Dziś, krótko po godzinie czwartej do dyżurnego z Komendy Powiatowej Policji w Busku – Zdroju wpłynęło dramatycznie brzmiące wezwanie. Zatelefonował mężczyzna, który informował, że z mieszkania na jednym z buskich osiedli dochodziło wołanie o pomoc. Na miejsce natychmiast pojechali mundurowi pełniący służbę patrolową.

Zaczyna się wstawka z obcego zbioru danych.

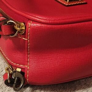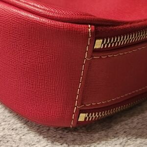 Stylish red crossbody bag. Features gold-tone hardware. Perfect for everyday use.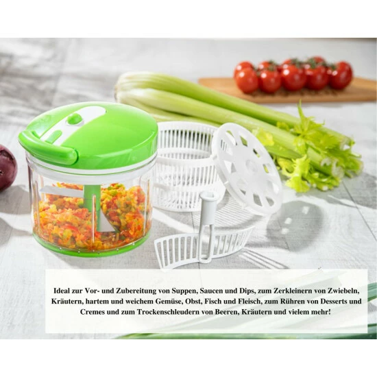 - Ideal zur Vor- und Zubereitung von Suppen, Saucen und Dips, zum Zerkleinern von Zwiebeln, Kräutern, hartem und weichem Gemüse, Obst, Fisch und Fleisch, zum Rühren von Desserts und Cremes und zum Trockenschleudern von Beeren, Kräutern und vielem mehr!

Zastali tam 45-letniego mężczyznę, który wskazał lokal, z którego dochodziły niepokojące odgłosy. Drzwi do pomieszczenia były zamknięte. Policjanci podjęli decyzję o wejściu do pomieszczenia. Pokonali zamknięte drzwi i po chwili zauważyli leżącą na podłodze seniorkę.
Jak zrelacjonowała kobieta, wczoraj późnym wieczorem przewróciła się w łazience, pomału przeczołgała się do sypialni, gdzie miała pozostawiony telefon. Niestety zabrakło już sił, żeby po niego sięgnąć. Zrozpaczona, mieszkająca samotnie 83-latka zaczęła po imieniu wzywać na pomoc członków swojej rodziny. Wołanie usłyszał sąsiad, który powiadomił służby. Dzięki jego informacji, zaangażowaniu i zdecydowanemu działaniu stróżów prawa, kobieta trafiła do szpitala pod opiekę lekarzy. Mieszkanie zabezpieczyła przybyła na miejsce zdarzenia córka.